Axo, was mich noch etwas wundert: ich kann die Größe vom Popup nicht verändern. Es wäre schön, wenn ich eine Größe festlegen könnte, damit es immer einheitlich breit aussieht.


----------



## Jörg (20. Sep 2005)

hm die Groesse kannst du ja ganz einfach setzen mit setSize(Dimension) oder (besser) setPreferredSize(Dimension).
Leider weiss ich nicht wie sich das verhaelt, da du ja dynamischen Inhalt hast, sprich du brauchst dynamische Groesse -> neu berechnen???


----------



## freez (20. Sep 2005)

setSize habe ich versucht. aber er zeigt es mir nicht so an, wie ich es will. 
Vielleicht sollte ich mit jedem "Füllen" des Menüs die Größe nochmal neu festlegen. Vielleicht wird es automatisch überschrieben, beim Hinzufügen von Inhalt.

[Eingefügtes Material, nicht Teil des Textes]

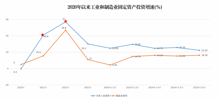 1-6月,全省工业固定资产投资同比增长22.2%,位居全国第4位,增幅较上年同期回落21.1个百分点,较2024年1-5月回落3.5个百分点。

Ok, mal ne andere Frage. Das mit dem PopupMenue ist net soooo schön. kann man vielleicht eine JList an ein Textfield ran hängen? Ich kann ja die JList nicht so einfach per add() hinzufügen, das sie ja den Layout entsprechend positioniert wird. Kann ich sie frei schwebend über dem Frame positionieren?

Und wenn ich grad bei so vielen Fragen bin. Hat jemand eine deutsche Buchempfehlung, für das GUI von Java? Speziell für solche Fälle, wie mein Problem jetzt. Und wie man z.B. komplett neue Elemente erstellen kann. Was einfach tiefer geht, als das benutzen, der vorhandenen Elemente.


----------



## Jörg (20. Sep 2005)

> deutsche Buchempfehlung


nöö, alles was ich kenne ist Englisch!

das mit der JList weiß ich nicht, aber da kommst du ja langsam in die richtung JComboBox, vielleicht kuckst dir da mal die sourcen an ...


----------



## Jörg (24. Sep 2005)

what's up comrade? Kein Lust mehr??

Hab das ganze mal von der anderen Seite aus probiert (JComboBox)
allerdings weiss ich nicht wie sich das mit dem LaF vertraegt,
musste einige Methoden bzgl UI ueberschreiben, damit ich den
Button wegkrieg ...
Leider hab ich jetzt noch das Problem, dass sich das Textfeld von 
verschiedenen Handlern aus aendert, da war deine Loesung 
einfacher ....


----------